The small molecule libraries will be obtained from the ZINC and Mcule purchasable databases and further common filters will be applied to remove the duplicates. Additionally, an in-house Evolutionary chemical binding similarity (ECBS) method (PMID: 31504818) will be using for primary virtual screening of the curated database. The ECBS method is designed to encode molecular features enriched in evolutionarily conserved chemical-target binding relationships, and formulated by the likelihood of chemical compounds binding to identical targets. The collected chemical pair, target, and evolutionary data were used to build ECBS model through classification similarity learning. In particular, an ECBS model was developed to classify ERCPs (Evolutionarily Related Chemical Pairs) from ‘unrelated chemical pairs’ and the output values of the ECBS model represented chemical similarity score prioritizing the selection of ERCPs.
TS-ensECBS model (Target-Specific ensemble model) is specifically trained to recognize chemical pairs that bind to a given virtual screening (VS) target and are therefore used for VS between different ECBS model.
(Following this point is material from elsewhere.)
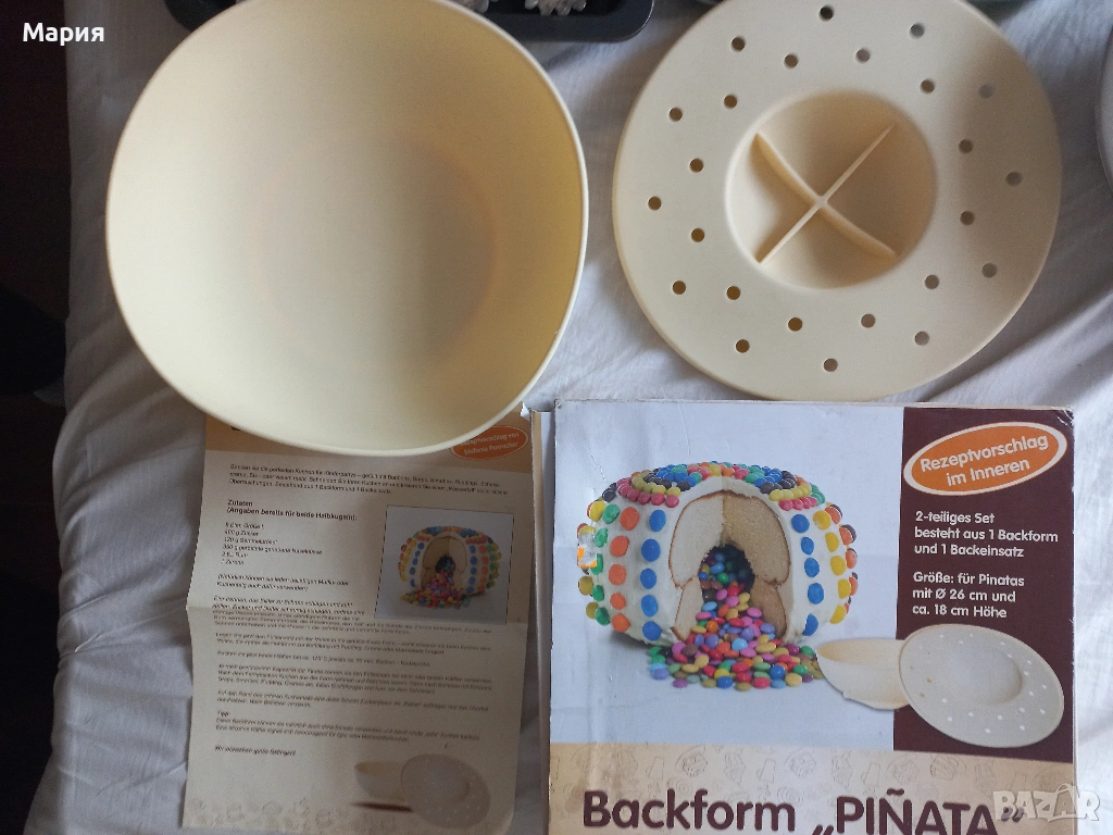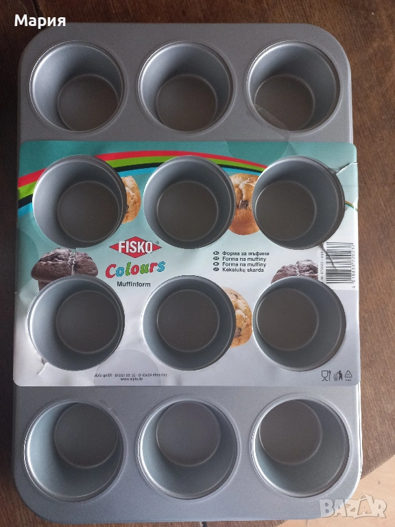 Тава (форма) тефлон за 12 мъфини 27 см/39 см; диаметър гнездо 7 см. Цена: 3,50 евро Кръгла релефна форма с горен диам. 20 см, долен диам. 15 см; Кръгла метална форма с горен диам. 24 см, долен диам. 12 см и вис. 10 см; Цена общо на двете общо 2 евро

The TS-ensECBS model defines only the ERCP of target that are evolutionarily linked to the VS targets and integrates multiple ECBS models based on definitions of evolutionary information about the VS targets to reflect different evolutionary information. The TS-ensECBS model assigns each chemical a similarity score between 0 and 1. The higher the similarity, the more likely it is to bind to the VS target. Our preliminary work includes the ECBS model (PMID:31504818).
The TS-ensECBS top scoring compounds will be using for virtual screening with AutoDock-Vina and AutoDock4.2. The crystal structures of PDBIDs 6Z5T, 6W02, and 7BF5 will be used for docking procedure. Subsequently, the docked complexes will be used for molecular dynamics simulations using AMBER software. Using BAT tool the absolute binding free energy (ABFE) calculations will be carried. Later these candidates are ranked based on ABFE. After molecules being chosen based on consensus scores from both docking and ABFE, they will be subjected to clustering to find the most common substructures among them. To select the binding pose for the calculation of the final state binding free energy, the docking poses of the compounds shortlisted by both methods are scored using a scoring function to determine the protein-ligand interaction. For choosing the final chemicals for experimental validation, pairwise chemical similarity score, visual inspection and binding free energy scores will be considered. To ensure that the top hits satisfy the ADME properties along with QED scores, and synthesizable quality, we will carry the filters using SwissADME tool.